漢文電子佛典的緣起與遠景
(數位化文獻/多價文獻模式)
惠敏法師
一九九九年六月二十七日
呂美智、林佩琪、李志強摘要整理
參考資料:
"Applications of A New Document Model for Digitalization of East Asian Classical Documents", Howie Lan(藍效農) Instructional Technology Program Uninversity of California, Berkeley
Digital Library Project: University of California at Berkeley http://elib.cs.berkeley.edu/
"Multivalent Documents: Anytime, Anywhere, Any Type, Every Way User-Improvable Digital Documents and Systems", Thomas A. Phelps, A dissertation for Ph. D, University of California, Berkeley (1998)
"Multivalent Documents: A New Model for Digital Documents", Robert Wilensky Thomas A. Phelps, Technical Report, CSD-98-999 (1998)
"Multivalent Documents: Inducing Structure and Behaviors in Online Digital Documents", Thomas A. Phelps & Robert Wilensky, Proceedings of Hawaii International Conference on System Sciences '96 (Best Paper Award, Digital Documents Track)

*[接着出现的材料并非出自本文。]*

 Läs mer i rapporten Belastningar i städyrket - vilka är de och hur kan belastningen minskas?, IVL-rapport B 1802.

運用新文獻模式資料,整理後推廣到數位化圖書館計劃(digitallibrary project),介紹有關國外的技術、搜集、行政。
多價文獻 ( 多訊息層次文獻模式 )
新、舊文獻不同的特性:
1.印刷文獻:Monolithic (單塊)
2.數位文獻:Multivalent (多價)
Multivalent View of Document(多價文獻模式)提供給下列人士參考:
l.決策者
2.專業管理者
3.技術執行者
Traditional View of Document(文獻的傳統觀念)
Physical Media (物理性質媒介)
l.Clay tablets (泥版)
2.Oracle bones (甲骨文)
3.Bamboo strips (竹簡)
4.Paper (紙本)
Traditional View of Document(文獻的傳統觀念)的缺點:
l.Equivalents of books (與書同義)
2.Basic Units are Stand-along and Disconnected (基本單元是獨立且不互相連結的)

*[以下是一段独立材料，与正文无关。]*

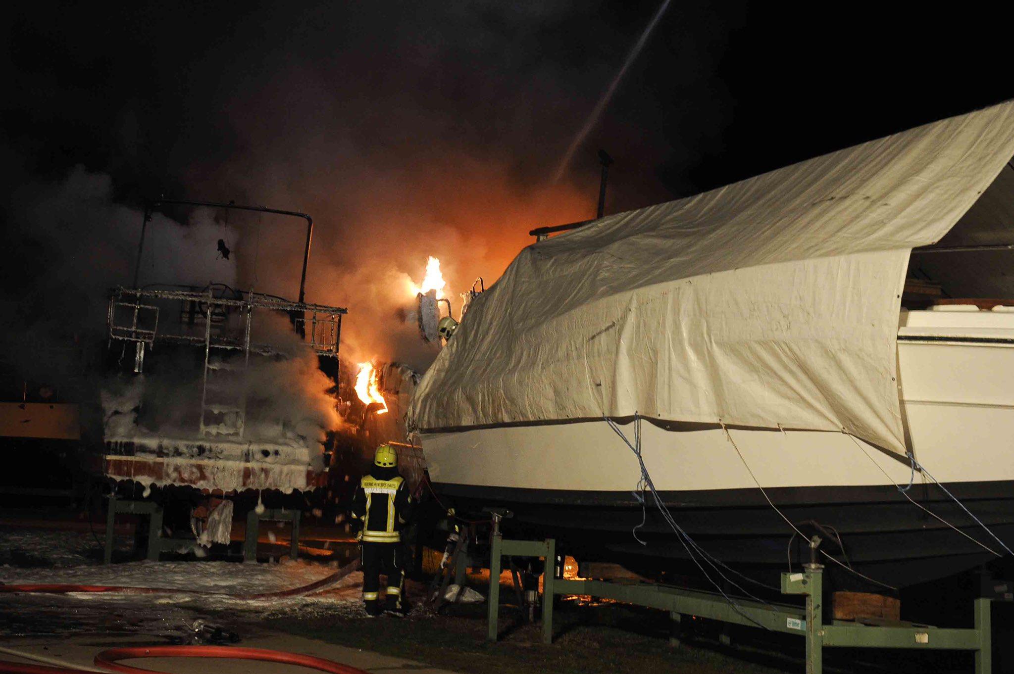 Kriminaltechniker und ein externer Brandgutachter haben vor Ort die Untersuchungen zu Brandursache aufgenommen. Die Flammen und die extreme Hitze beschädigten zwei weitere Boote stark. Der Schaden soll sich auf rund 360.000 Euro belaufen.

3.Time consuming to search and find informations across basic units (互參、對照、查詢資料費時)
4.For human to "read" only ( 只提供 給 人" 讀 " 的功能)
The Multivalent Document (數位化文獻是「多價文獻 」 )
可提供多元性的價值與功能
- information entity
- content & functional factor
-
layers & behaviors
Layer:(同形式情報層)
Behaviors:(運用於layer的功能性處理因子) - incrementally and openly
|
Layer Examples:
- Scanned text image Layer ( 掃描 原版 圖擋層次 )
- Encoded text data Layer (編碼版層次)
- Font reconstructed Layer (字庫再現版層次)
- Character geometries Layer
- Meta data Layer
- Future content Layer
Examples of Within-layer Behaviors:
in scanned text image layer﹕
- Local enlargement
- Copy image part
- Paste image part
in encoded text layer﹕
- Character finding
- String sorting
- Character counting
in reconstructed display layer﹕
- Show Character with font
- Set Typeface
- Horizontal text display
- Vertical text display
Examples of Cross-layer Behaviors:
- Synonym lens同義字透鏡
- Translation翻譯
Multivalent View of Document(多價文獻的優點)
基本單位﹕字、筆劃、圖素(pixel)
-
重組 (rearranged)、連結 (connected) 簡易快速
-
Processor + Human Mind (同時可提供 給 機器與人" 讀 " 的功能)
若被傳統的文獻概念所限,則會造成以下的影響
-
不會連結不同的資料層次
<例如>“Dead”page images (認為 文件圖檔 單只是圖檔 ) -
連結部分資料層次,但僅限於單一的軟體
<例如>OCR software's post-process(光學字元辨視軟體的後置作業)
Multivalent Document Characteristics:
多價文獻三特色
1. Incremental Extendable(逐加延伸)
在以下幾個方面,具有逐加延伸的特性
- Data
- Layers
- Behaviors
2. Structurally Distributed(結構性分散管理)
可利用結構性分散管理
Layers can be at different locations in network(各層級可分散放置於網路上不同的位置)
例如:
- 大正藏1~55(編碼檔):CBETA
- 大正藏56~100(編碼檔):SAT
- 高麗藏(圖檔):海印寺,韓國
- 手抄古本(圖檔):京大、東大
- 房山石經(圖檔):北京圖書館
3. Internally Complementary(內部的相互補足)
相輔相成
- Layers or behaviors may not be perfect. (各層和表現方面無法完美)
- Some layers may be implemented less accurate than the others.(部份的層級展現上可能較不精確)
- The multivalent document framework best complementary from different components of the content to contribute to the document as a whole.(多價文獻可由不同的物件加以補足而臻至圓滿)